Black players in the Negro Leagues incorporated into baseball's go-to site for statistics
Bob Kendrick says 'this story is so much bigger than the numbers' and baseball itself
When Black Americans tried joining major and minor baseball leagues during segregation, they weren't accepted — so they created a league of their own.
The Negro Leagues went on to produce some of the game's most talented players, from Willie Mays to Jackie Robinson and Bullet Rogan. Now they're being recognized as such by the go-to site for baseball statistics, Baseball-Reference.com.
Bob Kendrick runs the Negro Leagues Baseball Museum in Kansas City, Miss., and he helped Baseball-Reference with the new data on the site.
"It's exciting.

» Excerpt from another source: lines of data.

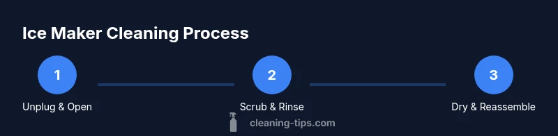 The core idea is to access all contact surfaces, loosen mineral deposits, rinse away residues, and dry completely. Begin with a clean workspace, ensure safety by unplugging, and follow a logical sequence: access and remove the ice bin, apply a cleaning solution to interior surfaces, scrub away buildup, rinse with clean water, and dry before reassembly. Proper drying prevents ice contamination and preserves equipment longevity.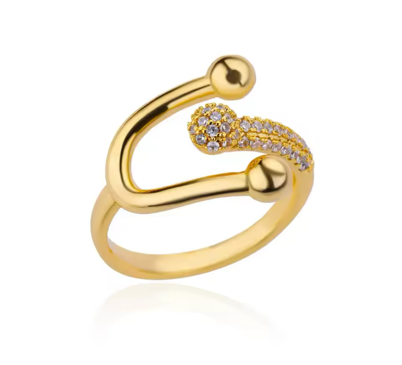 "Experience timeless style with the "U" Zircona Ring. Crafted with stainless steel and coated in gold, this trendy piece boasts a unique U shape design and features flawless zircona stones. Say goodbye to tarnishing and hello to effortless elegance."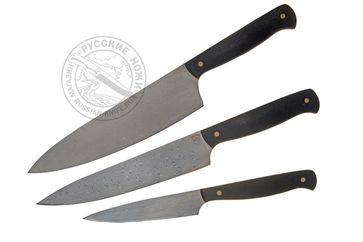 Закажите Набор поварская тройка (сталь нержавеющий дамаск) рукояти G10 черные у компании Русские ножи в Москве на портале Alloy: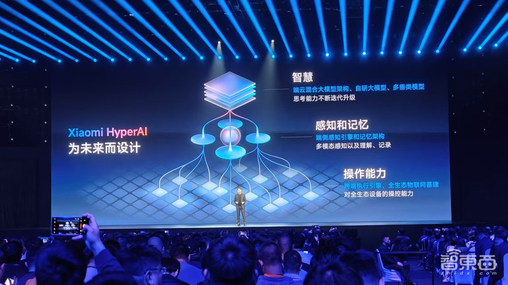 智慧方面,小米采用了端云混合的大模型架构,开发了关键大模型和多个垂直模型,可以迭代升级AI的思维能力。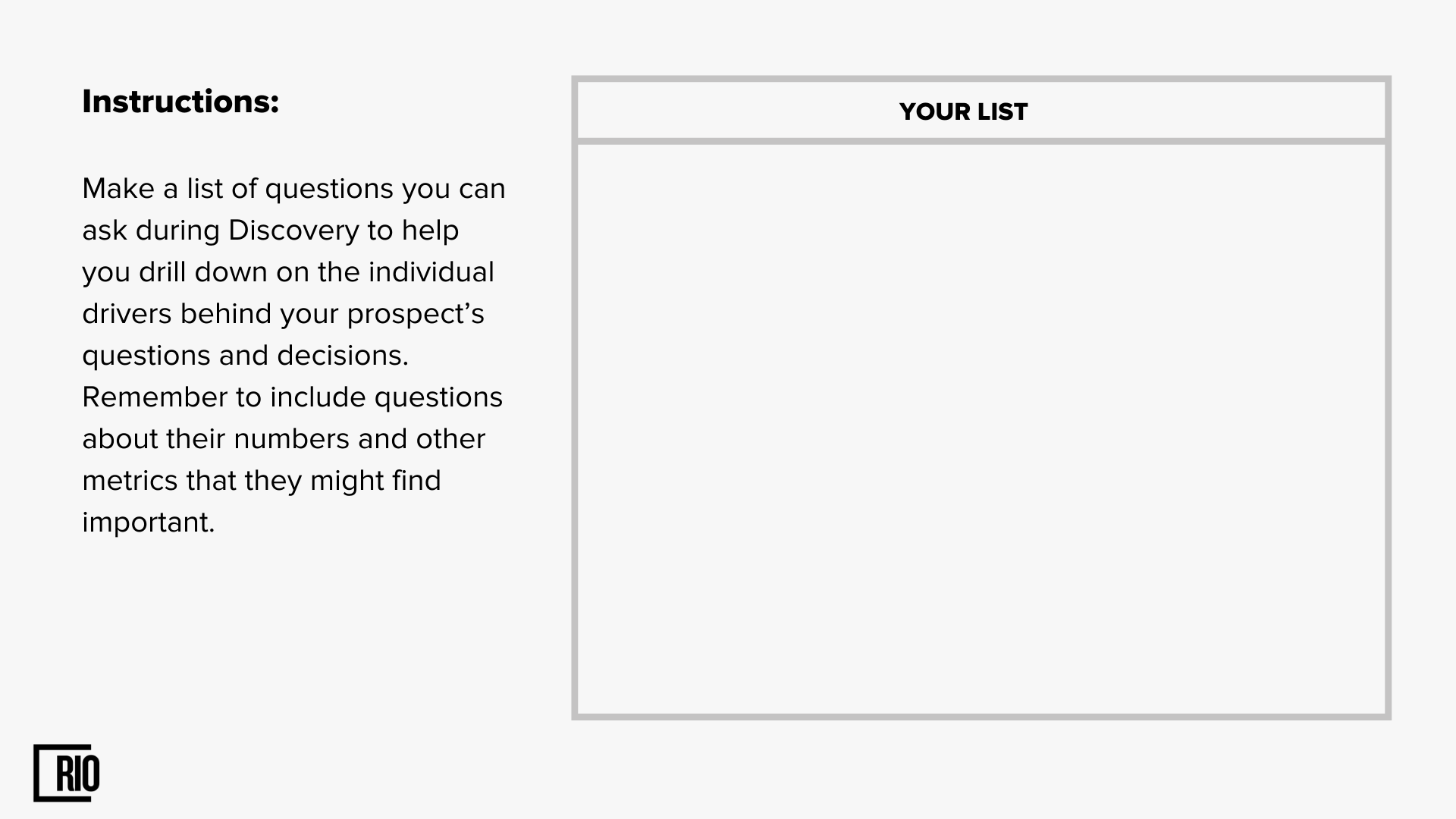 It doesn’t matter if you are a brand new sales rep or you have a lot of experience, it’s a good idea to have your discovery questions written out and in front of you.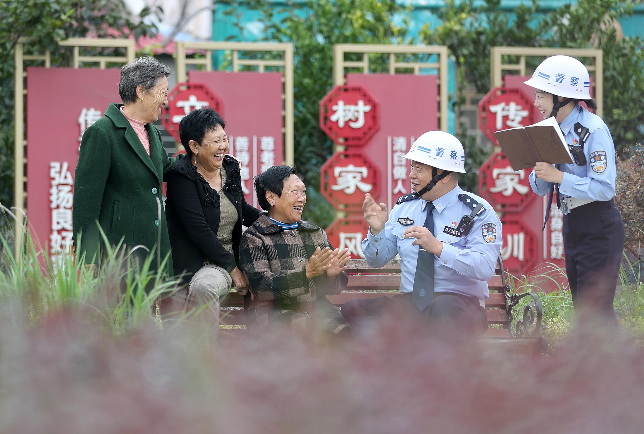 9月22日,在湖北省荆门市沙洋县三峡土家族村,沙洋县公安局督察大队民警与村民“唠家常”,倾听群众对公安服务的需求与建议。

It makes us feel proud," he told As It Happens host Carol Off. "It makes us feel like we've been part of a movement that has led to this date."
'The Negro Leagues are Major Leagues'
Baseball-Reference.com announced this week that "the Negro Leagues are Major Leagues."
"We have had Negro League baseball stats on Baseball Reference for at least 10 years now," wrote the website's creator, Sean Forman. "But we treated them as less than the statistics of the white major leagues. We will now treat them as the major leagues they are."
The statistics of seven Black baseball leagues from 1920-1932 have been incorporated into the leaderboards and the advanced search tool.
The website is working with hundreds of researchers, activists, players and families to continue updating their data.
"Career numbers will fluctuate, home run and win totals will be added to. Wins Above Replacement numbers will change as park factors are improved. Player records may be merged or split, and new players will be discovered," Forman wrote.
The website makes it a point to recognize that the data doesn't show the complete story. The Negro Leagues played on a major league level, but their wages, travel, playing conditions, press coverage and record-keeping were "more varied, primarily due to systemic racism."
"You can never reduce the Negro Leagues to just mere statistics," Kendrick said. "This story is so much bigger than the numbers ... so much bigger than the game of baseball itself.
Black baseball legends
Jackie Robinson was celebrated as the first Black player to join the major leagues in 1947, but the success of most Black players continued to be overlooked.
"You should know about the great Cuban Martín Dihigo, nicknamed El Maestro (the Master) because he could do it all. Played all nine positions," Kendrick said.
He went on to explain how Dihigo is the only baseball player to be enshrined into five different countries' baseball halls of fame.
Kendrick's friend and founder of the Negro Leagues Baseball Museum, John Buck O'Neil, considered Oscar Charleston to be the greatest baseball player he ever saw.
Charleston was a powerful hitter who could hit to all fields and bunt. He was also extremely fast on the base paths and in centre field. He outran many batted balls.
"He's not a household name and he should be," Kendrick said.
He also mentioned Satchel Paige, a pitcher whose big league numbers never told his legend.
"In 1943, the Kansas City Monarchs' owner, James Leslie Wilkinson, bought an airplane so that he could fly Satchel Paige to go play for other teams," Kendrick said. "He hired him out to go pitch for other teams to then fly back to go pitch for the Kansas Monarchs."
Baseball fans may have heard the names of these Black players. But now their scores and histories have been made widely available through Baseball-Reference.
"That was what they were striving for the entire time," Kendrick said. "That's the quest, I think, of Black people in this country, by and large.... No matter what the endeavour is, is that you just want to be recognized for what you do, not the colour of your skin as you do it."